Alan,
Francisco: "I don't understand why you need so many different calendars. For the example that I first posted (adjust a schedule to the japanese calendar), you suggested that the Japanese imperial calendar would need to be implemented. I would like to know what kind of applications are you dealing with, in which expressing the dates in the original calendar is important. For a financial application, the japanese calendar is just another gregorian calendar with certain dates defined as bank holidays."
By the way, the Japanese calendar in last 100 year or so uses the same day and month as the Gregorian's, but the years are counted differently. If someone is writing an application that will be used by a financial institution or a school or such, it should handle that.
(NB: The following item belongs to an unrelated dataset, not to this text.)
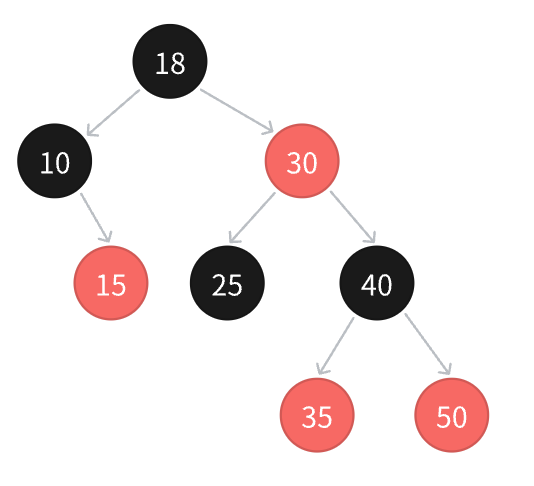 - 规则3:如果一个节点是红色的,则它的两个孩子节点必须是黑色的,也就是说任意一条路径不会有连续的红色节点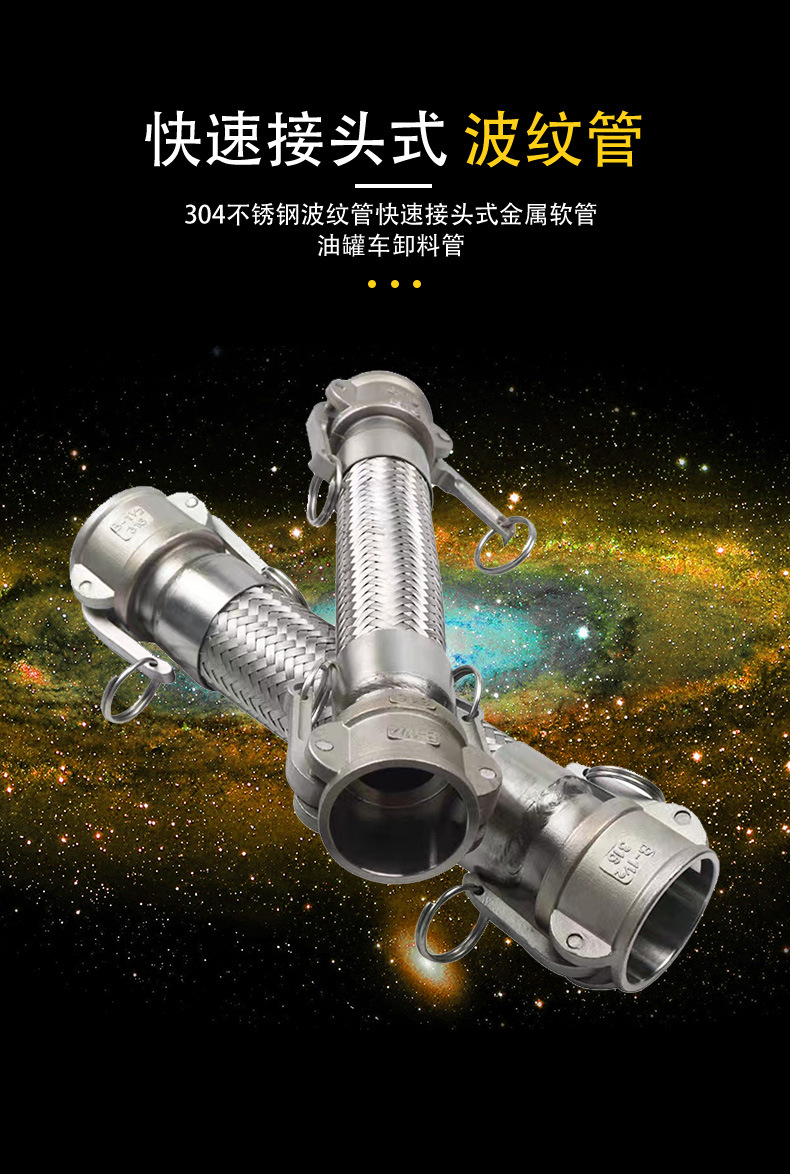 包装清单:1合恒工品 HHGP 不锈钢金属软管快速接头 不锈钢 1/2" L=50cm

For example, today (Apr 26th, 2006) is 18th year of Heisei, 4th month, 26th day, but 20 years ago was 61st year of Showa, 4th month, 26th day.
-- Yoshiki
Yoshiki: "By the way, the Japanese calendar in last 100 year or so uses the same day and month as the Gregorian's, but the years are counted differently."
In that case, adding a subclass of Calendar class to support the Japanese calendar would be relatively easy to do. And if the issue is holidays, those usually occur according to the same annual-recurrence rule each year--so the Gregorian calendar could be used.
--Alan
-----Original Message----- From: squeak-dev-bounces@lists.squeakfoundation.org [mailto:squeak-dev-bounces@lists.squeakfoundation.org] On Behalf Of Yoshiki Ohshima Sent: Wednesday, April 26, 2006 2:13 PM To: The general-purpose Squeak developers list Subject: Re: The Timing of Time
Alan,
Francisco: "I don't understand why you need so many different calendars. For the example that I first posted (adjust a schedule to the japanese calendar), you suggested that the Japanese imperial calendar would need to be implemented. I would like to know what kind of applications are you dealing with, in which expressing the dates in the original calendar is important. For a financial application, the japanese calendar is just another gregorian calendar with certain dates defined as bank holidays."
By the way, the Japanese calendar in last 100 year or so uses the same day and month as the Gregorian's, but the years are counted differently. If someone is writing an application that will be used by a financial institution or a school or such, it should handle that. For example, today (Apr 26th, 2006) is 18th year of Heisei, 4th month, 26th day, but 20 years ago was 61st year of Showa, 4th month, 26th day.